Total, que casi podría decirse que, en la alegre colonia de Hollywood, la única persona en que caló hondo el mensaje neorrealista fue Ingrid Bergman. La intérprete de María en ¿Por quién doblan las campanas? (Sam Wood, 1943) asistió a una proyección de Roma, ciudad abierta (Roberto Rossellini, 1945) en 1949 y se quedó obnubilada, literalmente. Tanto fue así que le faltó tiempo para escribir una carta a Rossellini y ofrecerle sus servicios como actriz. Rossellini vio el cielo abierto ante el ofrecimiento de una de las estrellas prominentes de la época —colaboradora de Hitchcock en Recuerda (1945) y Encadenados (1946)— y voló sin pensárselo dos veces a Estados Unidos.

Stromboli, tierra de Dios, sobre la imposible adaptación de una lituana, confinada en un campo de concentración, a la isla italiana en la que su marido —con quien se ha casado para librarse del cautiverio— es pescador, fue la primera película de la pareja, de las seis que rodaron juntos. José Luis Guarner —que fue uno de los mayores expertos de la crítica española en Rossellini—, escribe en el libro que dedicó al maestro italiano, hoy canónico para la cinefilia autóctona: “Como Europa 51 y Yo no creo en el amor [otras dos cintas del tándem del 52 y el 54 respectivamente], tienden a identificarse con el rostro de la protagonista, y la estructura misma de la película adapta su carácter confuso y apasionado”.

"Cuando la histeria colectiva remitió, fue desvaneciéndose el estigma. La esposa adúltera volvió a ser la mujer de azul cuando los alemanes iban de gris en la ocupación de París"

Si se me permite, yo diré más: esa media docena de filmes que el autor y su musa rodaron juntos nace directamente del sentimiento que les unía. Respecto a la filmografía de ambos, aquel tramo fue una ruina. Aunque acabaron casándose en 1950, la actriz fue declarada persona non grata en Estados Unidos. De modo que se exilió en Italia. Te querré siempre (1954), su último título juntos, fue harto significativo. Separados en el 57, un año antes ella fue merecedora de un segundo Oscar por su creación de Anastasia (Anatole Litvak, 1956), sobre una mujer que pretendió ser la única superviviente de la familia del zar Nicolas II, luego de que los comunistas los pasasen a todos por las armas en 1918. Pero fue Cary Grant quien recogió la estatuilla.

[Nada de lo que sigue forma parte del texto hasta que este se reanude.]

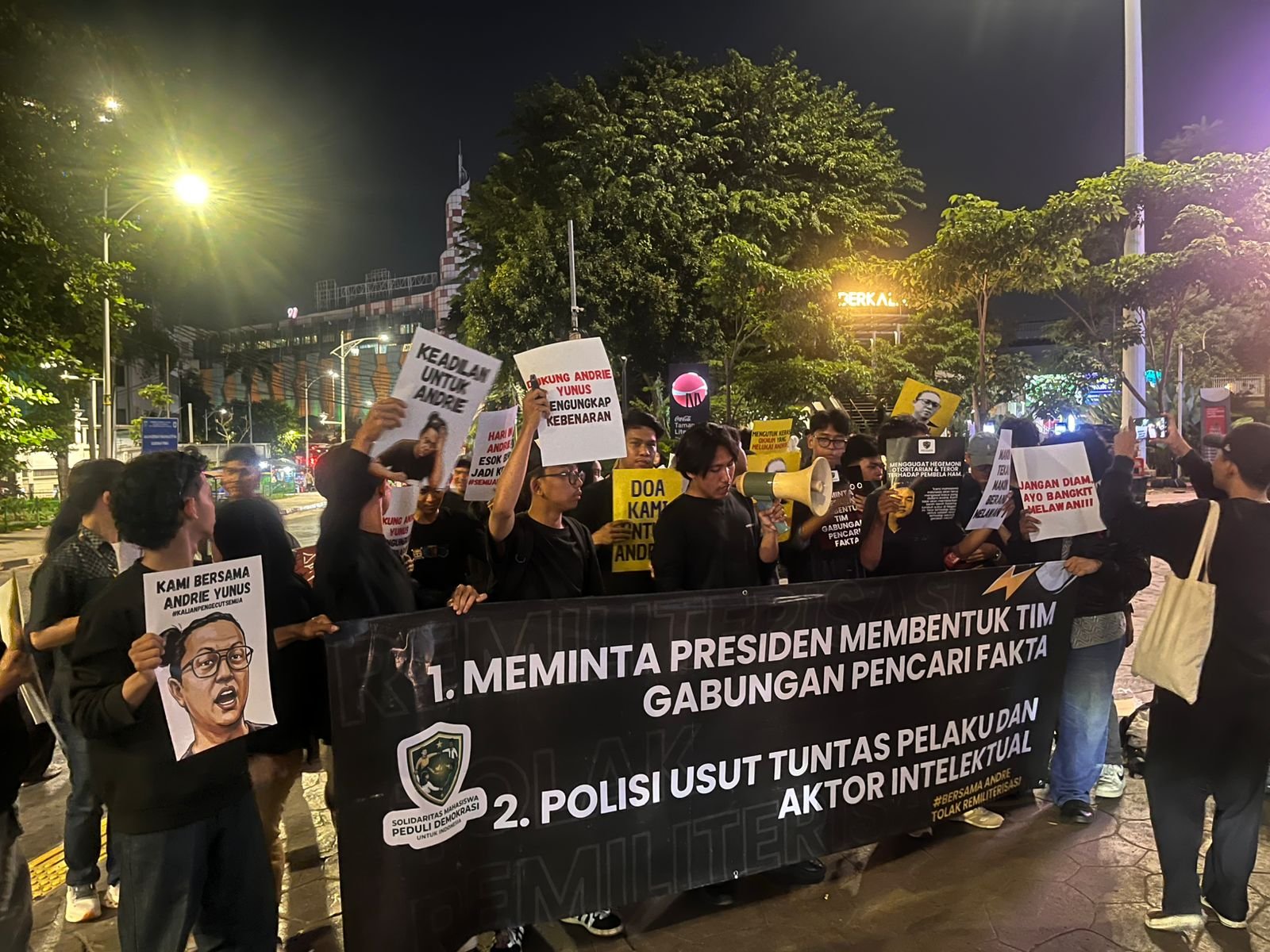 Aksi solidaritas tersebut diwarnai dengan pembentangan poster dan seruan tagar seperti #KeadilanUntukAndrie dan #TolakRemiliterisasi. Mereka juga menyatakan akan terus mengawal kasus ini hingga pelaku serta pihak yang diduga menjadi dalang di balik serangan terhadap Andrie Yunus diungkap dan diproses secara hukum.

Ingrid Bergman no volvió a Hollywood hasta 1959, diez años después de que aquella gente quisiera verla arder en un hoguera. Cuando la histeria colectiva remitió, fue desvaneciéndose el estigma. La esposa adúltera volvió a ser la mujer de azul cuando los alemanes iban de gris en la ocupación de París.

Y en París precisamente, la joven crítica de Cahiers de Cinéma, con el gran Truffaut a la cabeza, fue la que empezó a rehabilitar a Roberto Rossellini. Su cine, que nunca ha gozado del favor de ninguna mayoría, cayó en la ruina más absoluta en aquel ciclo que rodó junto a su esposa. Fue la Nouvelle Vague, cuando ejercía la crítica, quien devolvió al maestro del neorrealismo toda la dignidad que su filmografía —incluido el entonces denostado paquete Bergman— merece.